Food, Agriculture and Animal Health

Allergens

From 26 November 2005 prepacked food products have had to indicate on the label if they contain the following foods which can cause allergic reactions in some people. (Note that products packed before the date can still be legally sold so do not presume that from November all products will yet be fully labelled. It will take some time to sell through the old style labelled products.)

  1. Cereals containing gluten: wheat, rye, barley, oats, spelt, kamut and their hybridised strains

  2. Crustaceans

  3. Eggs

  4. Fish

  5. Peanuts

  6. Soybeans

  7. Milk

  8. Nuts: Almond , Hazelnut, Walnut, Cashew, Pecan nut, Brazil nut, Pistachio nut, Macadamia nut and Queensland nut

  9. Celery

  10. Mustard

  11. Sesame seeds

  12. Sulphur dioxide and sulphites at concentrations of more than 10 mg/kg or 10 mg/litre expressed as SO2

  13. Lupin

  14. Molluscs

There had previously been no legal requirement to do this and many consumers do not realise that ingredients lists do not always include every single ingredient the food contained.

There will still be some exceptions to listing all ingredients but if the product contains any of the listed allergens they will have to be labelled.

However don’t expect all packs to have a big allergen information box – many will do so making it easy for customers to see at a glance all the allergenic foods in the product. Some will simply list the allergen clearly in the ingredients list – so if there is no separate allergen box read the ingredients list in full to check.

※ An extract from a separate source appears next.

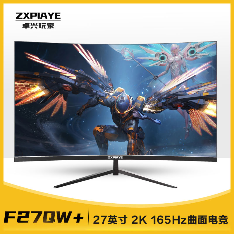 卓兴玩家 F27QW+ 27英寸 2K 165Hz高清曲面电竞显示器 1500R曲率电脑办公护眼屏幕娱乐音影

But beware – products packed on the premises where they are sold such as in butchers and bakers are not covered by the law and there is no requirement for them to be labelled with ingredients lists or allergens. If you buy these items you can ask in the shop for information about the ingredients but remember to make it perfectly clear that you have an allergy. It may be that the product you want to buy does not contain the ingredient you are allergic to but other products made on the premises may do – meaning there could be cross contamination.

Products sold loose such as from deli counters are also not required to be labelled nor are foods sold from restaurants and cafes.